Football New South Wales
- Season: 2019

= 2019 Football NSW season =

The Football NSW 2019 season was the seventh season of football in New South Wales under the banner of the National Premier Leagues.
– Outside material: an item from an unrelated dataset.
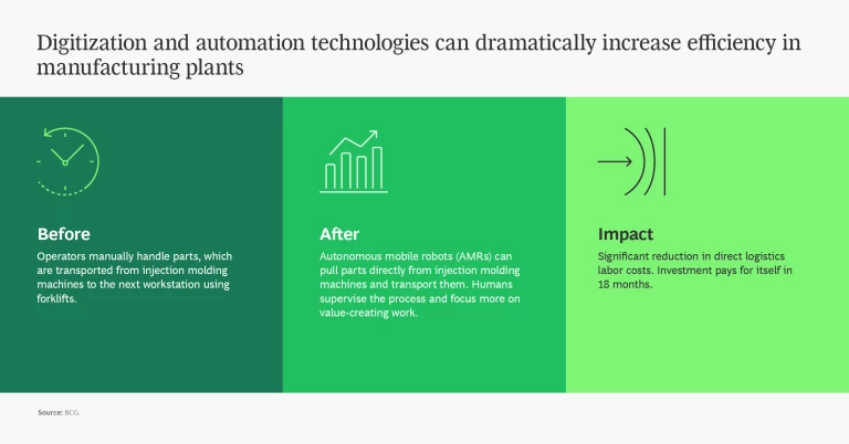 - Digitization and Automation. Building real-time transparency, increasing predictability, and automating plants via self-controlled systems.
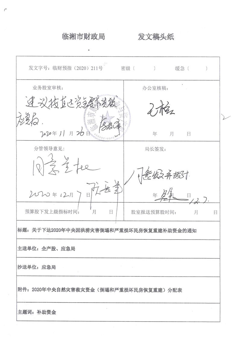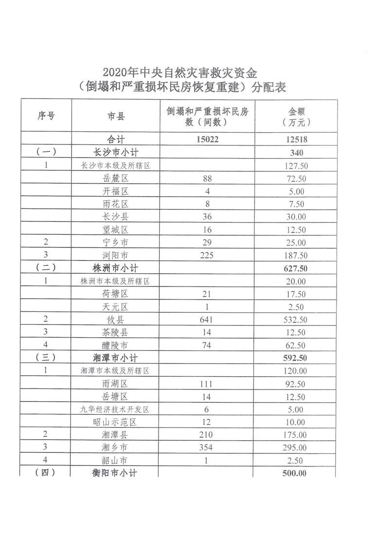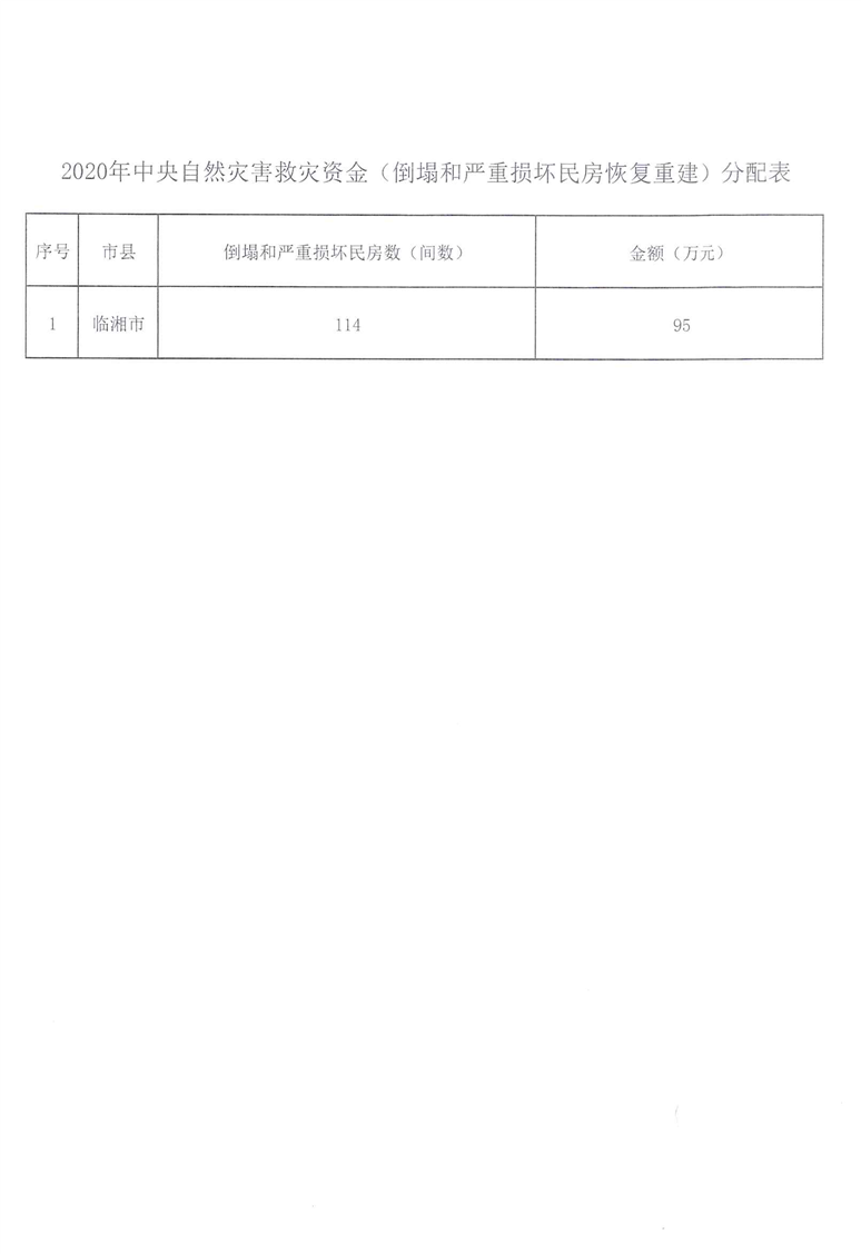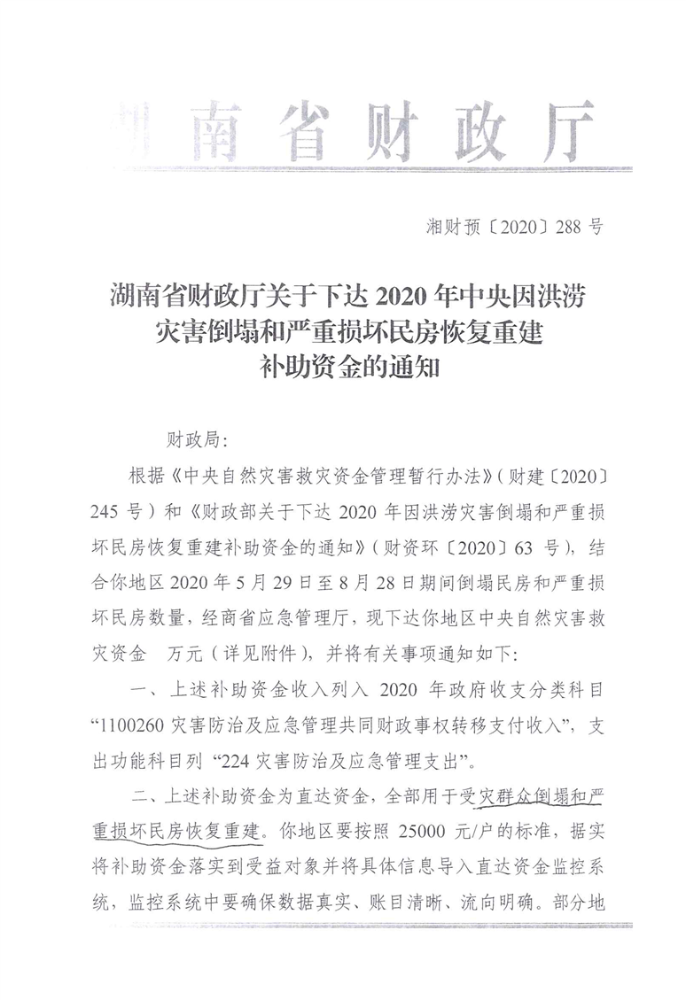 湖南省財(cái)政廳關(guān)于下達(dá)2020年中央因洪澇災(zāi)害倒塌和嚴(yán)重?fù)p壞民房恢復(fù)重建補(bǔ)助資金的通知

The competition consists of four divisions across the state of New South Wales.

Wollongong Wolves, as the Premiers of the NPL NSW Men's 1, qualified for the national finals, where they became the champion of the 2019 National Premier Leagues, and in doing so received an automatic spot in the 2020 FFA Cup.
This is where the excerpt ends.